Все в нас безмолвствует

И искреннейше пред ним склоняется.

 

Здесь утрачена спутанность чувств, сопровождающая ужас, но не объемлющая душу несказанная робость. Сохраняется мистическое содрогание, сопровождаемое описанным выше чувством тварности, собственной ничтожности, падшести перед лицом объективно переживаемого Ужаса и Величия[10].

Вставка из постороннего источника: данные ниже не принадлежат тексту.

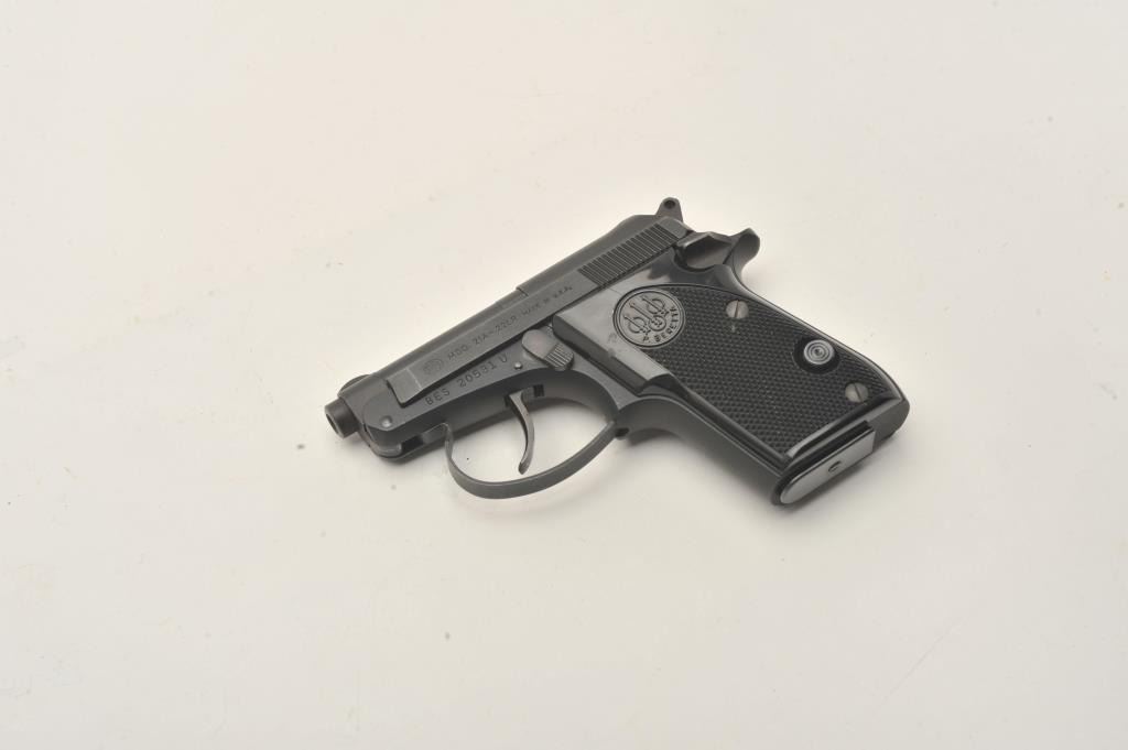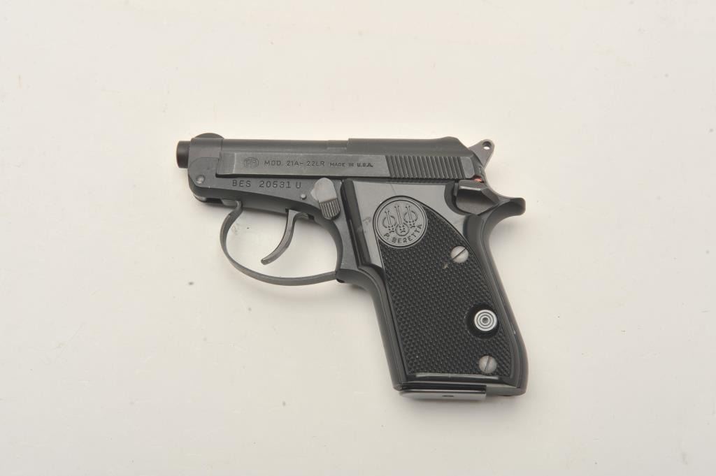 Beretta 21A semi-automatic pistol, .22 LR caliber, Serial #BES20531U. The pistol is in very good overall condition with a 2 ½” barrel. The metal surfaces retain the majority of their matte blue finish withlight high point edge wear and wear at the muzzle. The checkered plastic grips are in good condition showing little wear. The bore is good, the action is crisp and markings are sharp. The lot includes one correct,Beretta marked magazine. Est.: $150-$300. (Modern/PPT).

Для обозначения момента, вызывающего нуминозный tremor, на первое место выходит то «свойство» numen, которое играет важную роль в нашем Священном Писании и которое своей загадочностью и непостижимостью доставило много трудностей как интерпретаторам, так и вероучителям. Речь идет об orge, гневе Яхве, который в Новом Завете встречается вновь как orge theoy. Мы вернемся к тем местам из Ветхого Завета, где еще ясно ощутимо родство этого «гнева» с демонически-призрачным, о котором мы только что говорили. Ему легко найти соответствия во встречающемся во многих религиях представлении о таинственном «ira deorum»[11]. Странные черты «гнева Яхве» всегда бросались в глаза. Прежде всего, во многих местах Ветхого Завета ощутимо, что этот «гнев» изначально не имеет ничего общего с нравственностью. Он «возгорается» и загадочным образом о себе заявляет как «скрытая природная сила», как скопившаяся электроэнергия, разряжающаяся на того, кто слишком близко подходит. Гнев «непредсказуем» и «произволен». Тому, кто привык мыслить божество только в рациональных предикатах, это должно казаться капризностью и произволом. Но такую точку зрения решительно отвергли бы набожные люди библейских времен: им это никак не казалось приуменьшением достоинства, но естественным выражением и некоторым моментом самого «священного», казалось чем-то совершенно неустранимым. И с полным на то правом. Ибо этот ira есть ничто иное, как само «tremendum» — нечто само по себе совершенно иррациональное. Это улавливается и выражается с помощью наивной аналогии с природной сферой — с жизнью человеческой души. Причем это — в высшей степени яркое и меткое сравнение, которое всегда сохраняет свою ценность и еще совершенно неизбежно для нас при выражении религиозного чувства. И нет сомнения в том, что христианство учило и учит о «гневе Божьем», вопреки Шлейермахеру и Ричлю.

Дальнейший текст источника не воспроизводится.